Das "Marktrecht" des Spätmittelalters und der Frühen Neuzeit bestand in Bayern aus dem pauschalen Verweis auf die Rechte der Residenzstädte wie München, Landshut oder Ingolstadt und Einzelprivilegierungen. Die Masse der Märkte durfte sich ihr Recht bei den Residenzstädten "holen", das heißt, sie baten um Rechtsauskunft in Konfliktfällen oder fragten an, ob dieses oder jenes Recht der Residenzstadt auch bei ihnen gelten würde. Wurden dadurch Kompetenzen des zuständigen Landrichters beeinträchtigt, kam es in der Regel zum Streit. 1406 gewährte Herzog Stephan III. von Bayern-Ingolstadt (reg. 1375-1413) den Bürgern von Inchenhofen (Lkr.
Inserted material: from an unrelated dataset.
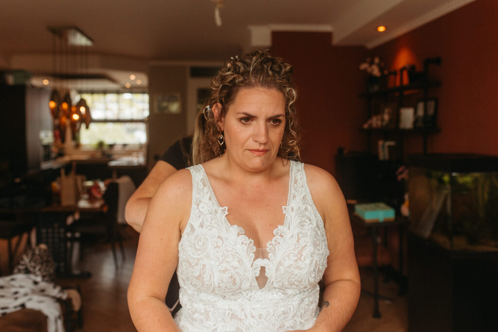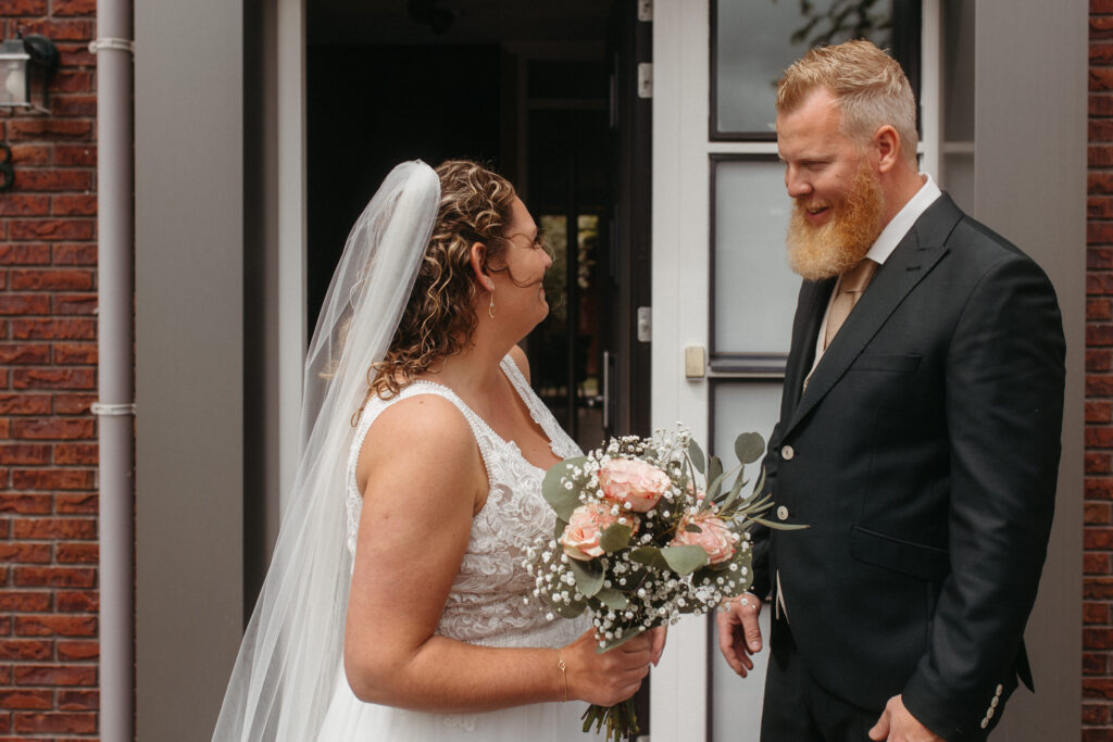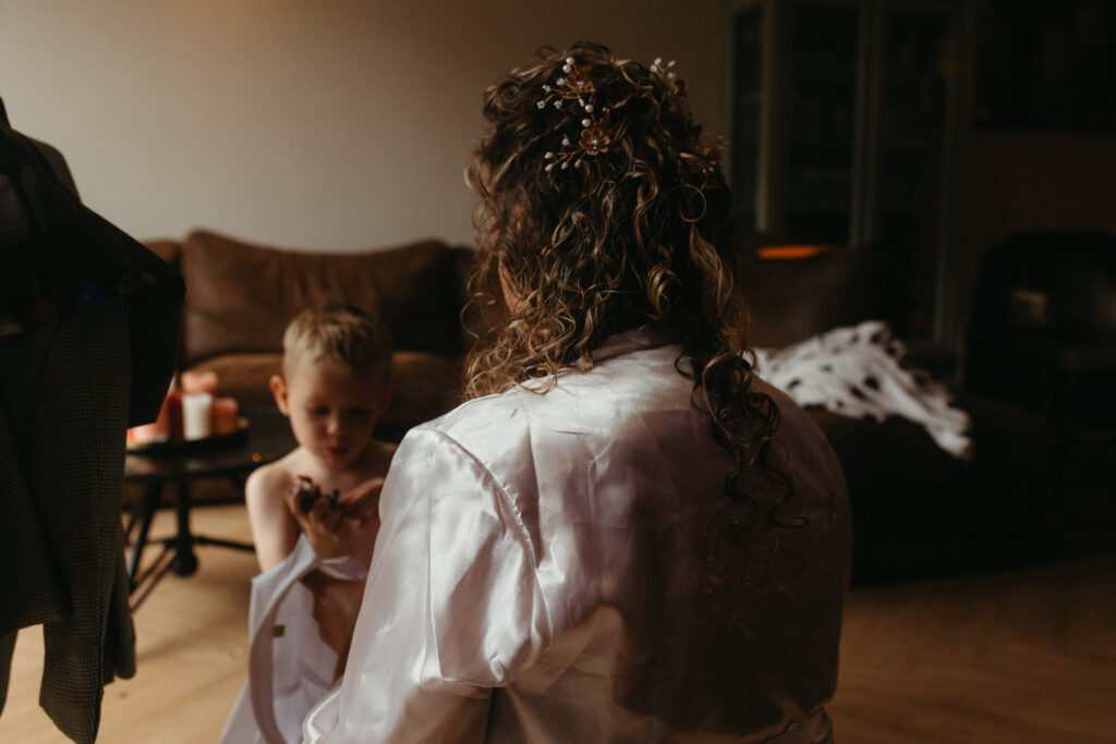 Ik liep er een beetje tussendoor. Soms met mijn camera, soms gewoon gezellig pratend aan de keukentafel. Precies zoals ik het het liefst zie: een trouwdag die ontspannen begint en gewoon echt voelt.

Aichach-Friedberg) das Recht, durch ihren Marktrichter das Rechtsbuch der Stadt Ingolstadt anwenden zu lassen. Der Herzog verwies ausdrücklich auf die Freiheiten nicht nur von Ingolstadt, sondern auch auf die des nahen Aichachs, das seit 1347 Münchner Stadtrecht besaß. Es entstanden quasi "Stadtrechtsfamilien". Kleinere Märkte wurden im 15. Jahrhundert vielfach in ihrer Rechtsausstattung nur noch auf die nächste Landgerichtsstadt verwiesen.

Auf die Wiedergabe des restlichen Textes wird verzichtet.